A trader works on the floor of the New York Stock Exchange.
Adam Jeffery | CNBC
A trader works on the floor of the New York Stock Exchange.

Check out which companies are making headlines before the bell:

Twitter—Evercore downgraded Twitter to "hold" from "buy," based on more conservative long term growth prospects and a lack of visibility regarding user growth.

Nordstrom—Credit Suisse downgraded the retailer's stock to "neutral" from "outperform." The firm notes that footwear, accessories, and beauty products – which have been a driving force for sales growth for Nordstrom and others for several years – are showing signs of leveling off.

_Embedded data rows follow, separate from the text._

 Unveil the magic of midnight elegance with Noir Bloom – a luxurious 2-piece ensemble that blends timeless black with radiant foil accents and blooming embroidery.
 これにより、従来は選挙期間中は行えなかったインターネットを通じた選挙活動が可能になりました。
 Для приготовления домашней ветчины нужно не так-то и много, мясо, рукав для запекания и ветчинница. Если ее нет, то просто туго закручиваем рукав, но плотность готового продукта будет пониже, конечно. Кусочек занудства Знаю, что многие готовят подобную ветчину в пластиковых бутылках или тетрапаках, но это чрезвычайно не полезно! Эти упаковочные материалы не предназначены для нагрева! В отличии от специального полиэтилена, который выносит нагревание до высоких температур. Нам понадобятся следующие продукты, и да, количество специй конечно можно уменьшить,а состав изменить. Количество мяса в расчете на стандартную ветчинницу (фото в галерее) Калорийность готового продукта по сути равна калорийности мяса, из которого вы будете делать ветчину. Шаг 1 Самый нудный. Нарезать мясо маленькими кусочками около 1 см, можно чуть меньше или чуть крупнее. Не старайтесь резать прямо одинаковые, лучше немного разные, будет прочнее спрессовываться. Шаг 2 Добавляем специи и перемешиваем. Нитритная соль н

Verizon, AT&T—JPMorgan Chase downgraded Verizon to "neutral" from "overweight," while upgrading AT&T to "overweight" from "neutral." JPM points to a lack of near term catalysts for Verizon and the fact that benefits from its AOL acquisition may take a few years to materialize. As for AT&T, JPM said it will benefit from the DirecTV acquisition as well as recent cost-cutting moves.

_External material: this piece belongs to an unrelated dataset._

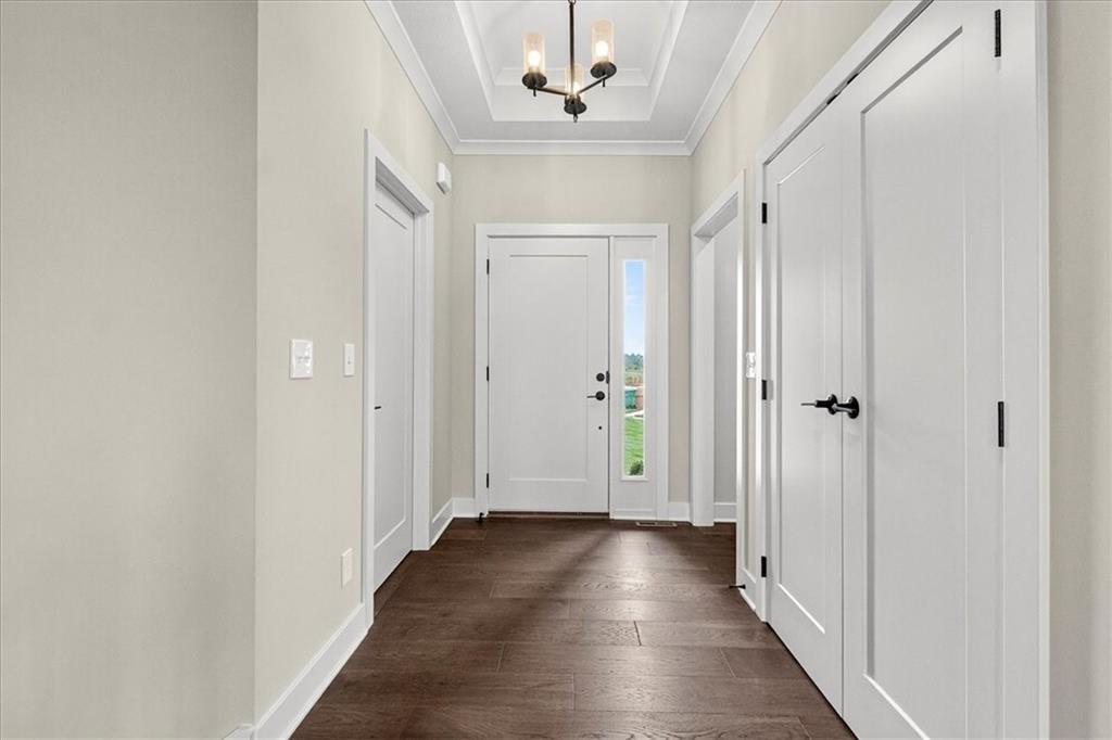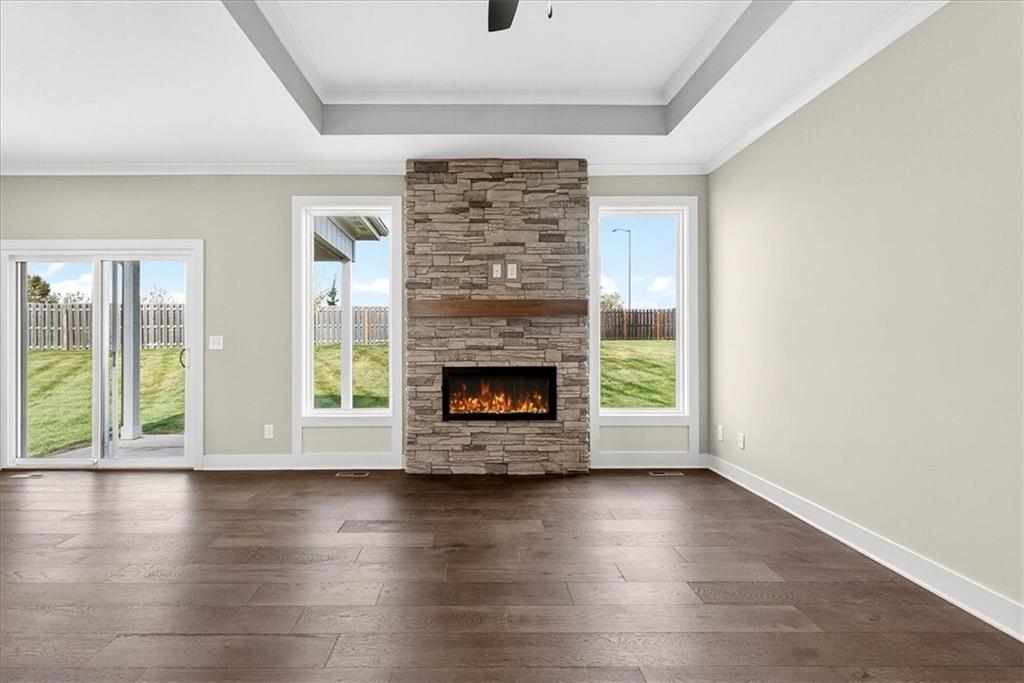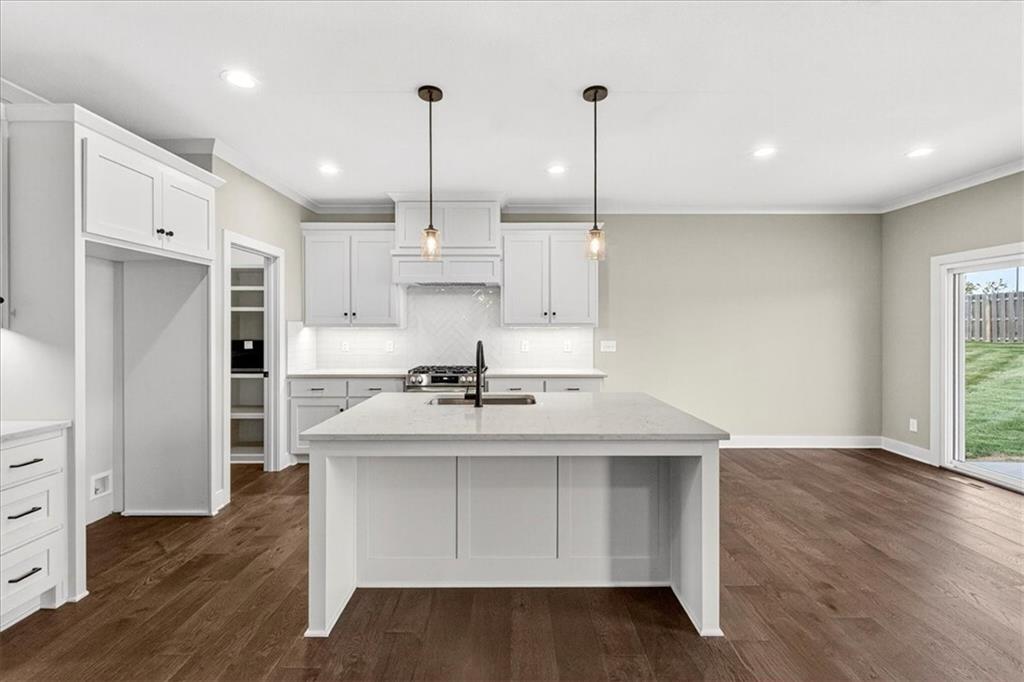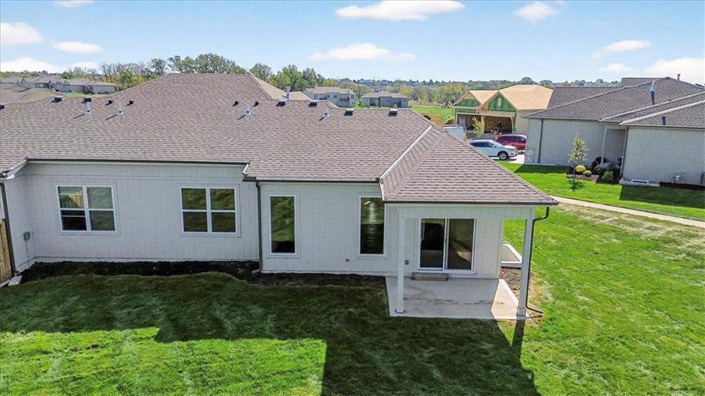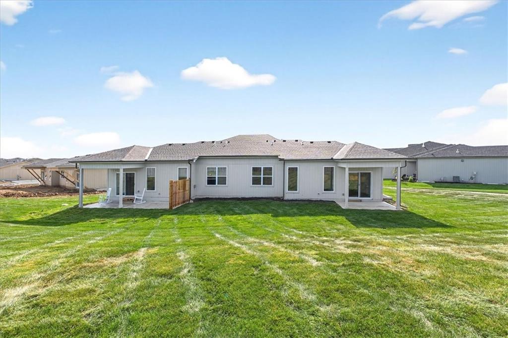 $15,000 Flex Spend From Builder To Buyer!! The Newberry by Lambie Homes is a stunning 3-bedroom, 2.5-bath reverse 1.5-story floor plan designed for modern living. The home is move-in ready and filled with luxury upgrades and perfectly positioned on a premium cul-de-sac lot. Step inside and enjoy the elegance of the Best Grade Interior Finish Package, showcasing top-tier quartz countertops, custom true shaker cabinets, and engineer hardwood floors. The gourmet kitchen is a chef’s dream with a wood hood and vent liner, under-cabinet lighting, and a gas range. The open-concept great room features a floor-to-ceiling cultured stone with 40" Allusion electric fireplace and abundant natural light. The primary suite offers a walk-in shower with bench seating, quartz-topped vanity, and generous walk-in closet. Additional upgrades include 8lb carpet padding for extra comfort and premium finishes in every space. Outdoor living shines with a covered patio and fully sodded, irrigated yard - maintained for you! Located in Lenexa with quick access to parks, shopping, dining, and major highways, this home blends upscale style with convenience. Experience the best of maintenance-free living. Open Wednesday-Sunday from 12:00p-5:00p - Reach out to agent for additional details on builder incentives for closings in 2025! *For Builder Incentive, contract must close on or before 12/31/2025*

Joy Global—The mining equipment maker reported adjusted quarterly profit of 59 cents per share, 3 cents above estimates, with revenue essentially in line. In a weak environment, Joy Global now sees full year profits at the low end of its prior forecast.

J.M. Smucker—The food producer reported adjusted quarterly profit of 98 cents per share, 1 cent below estimates, though revenue exceeded forecasts. Smucker said results were impacted by challenges in the U.S. retail coffee segment, but that it is optimistic about the long term prospects for the coffee business.

Ciena—The maker of networking equipment beat estimates by 11 cents with quarterly profit of 35 cents per share, with revenue beating analyst expectations as well. The company, which has been mentioned as a buyout candidate, has seen its shares rise almost 30 percent off its April lows.

Michaels Cos.—The crafts retailer missed estimates by 1 cent, reporting quarterly profit of 32 cents per share, while revenue was essentially in line. Michaels said its results were impacted by unfavorable weather and the stronger dollar, but added it is confident in its outlook for the remainder of the year.

L Brands—The Victoria's Secret parent reported a same-store sales increase of 5 percent for May, above the Thomson Reuters consensus estimate of a 2.8 percent increase.

FireEye—The cyber security firm announced a partnership with Visa aimed at preventing hacking of payment data.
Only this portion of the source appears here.